Unwittingly, Sharon’s visit has become the latest arena of a certain tension between a rooted, increasingly assertive civil society and its faddist fringe. This tension is at the heart of Indian politics today.
To be fair, large, inward looking societies rarely bring external relations into domestic political discourse. Yet there are moments when a particular foreigner’s visit captures the mood of the times. It becomes more important than the sum of its parts, sends a signal beyond the joint communiques and the rest of the diplomatic stock-in-trade. Sharon’s visit is one such.
In 1955, Nikita Khrushchev and Nikolai Bulganin landed in India, with the Congress and the Communists competing to welcome them. The visit became emblematic of New Delhi’s leftward tilt and, in a sense, took India into the Cold War. In 2000, Bill Clinton’s amazingly successful trip was, in effect, India admitting to itself that the Cold War was finally over. Sharon’s visit begins, well, the post-Cold War.
Two thousand years after Eleazer ben Yair’s moving tribute, it is Israel that serves as an inspiration for India. Primarily, it is a role model in terms of its zero tolerance approach to terrorism.
Israel realised long before India did that bitter, longstanding conflicts don’t end in honourable draws. One side has to win a clear victory and then magnaninmously, if paradoxically, ‘‘impose’’ a just peace. The relationship between the United States and postwar Germany or Japan is there to learn from.
When it comes to counter-terrorism, the efficacy of Israel’s ‘‘assassination policy’’ is not lost on anyone, even admired. In 1972, 11 Israeli athletes were killed in the Munich Olympics. Over the next seven years, an operation codenamed Wrath of God — reputed to be the largest such in Mossad’s history — hunted down every single terrorist responsible. In contrast, India wrings its hands and waits for Pervez Musharraf to put Masood Azhar under house arrest.

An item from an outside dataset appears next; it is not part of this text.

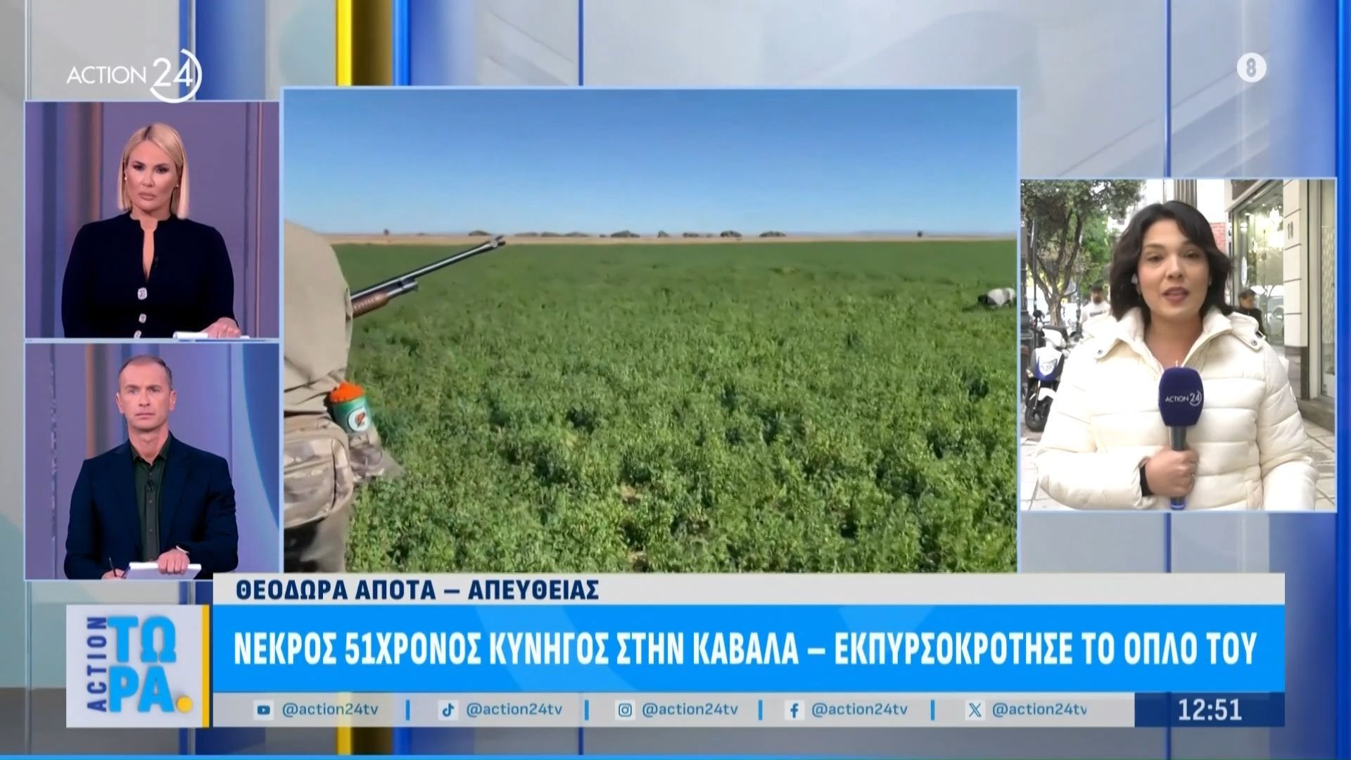 Ένας 51χρονος άνδρας στην Καβάλα έχασε τη ζωή του από εκπυρσοκρότηση του όπλου του. Το περιστατικό σημειώθηκε κατά τη διάρκεια του καθαρισμού του όπλου, με αποτέλεσμα τον θανάσιμο τραυματισμό του.
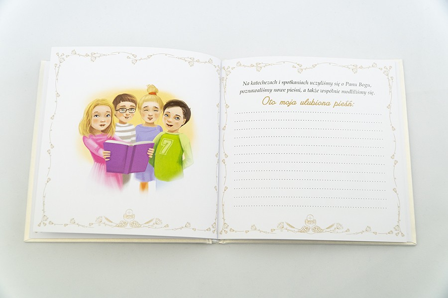 Bogato ilustrowany albumik jest idealną pamiątką dla dzieci z okazji Pierwszej Komunii Świętej. W środku można zamieścić zdjęcia z uroczystości, jak i wpisać najważniejsze wydarzenia i informacje z życia. A wszystkiemu towarzyszą modlitwy, wiersze i słowa Jana Pawła II.

Sharon’s second lesson would be that ideology is not an inconvenience you junk the moment you enter government. True, Sharon was a 1980s hardliner who has now matured into a cautious peacemaker. Yet he is no starry-eyed romantic, recognising even if a Palestinian state is a probability, one under Yasser Arafat is a non-starter.
Finally come the cultural underpinnings of nationhood. India is 82 per cent Hindu. In contrast, Israel is 78 per cent Jewish and 15 per cent Muslim. Israel’s Muslims (or Christians for that matter) are equal citizens, serve in the army, find place in Parliament.
Yet there is one watermark that cannot be breached. Minorities have the vote, not the veto. Whatever the struggle between secular and religious Jewish currents, that reality does not change.
It is tempting to see the Indo-Israeli equation as part of a grand American design. This is only half true. As Washington’s reconfiguring of the Islamic world gains momentum, a settlement on Palestine and Kashmir will be its carrot to the Arab world.
There may be pressure on Israel to sign a deal with the Palestinians on terms it is not entirely comfortable with. India may feel similarly squeezed. The two countries could see merit in collective bargaining, sometimes working with America, sometimes working on America. A bond forged on the sacred heights of Masada cannot be wished away.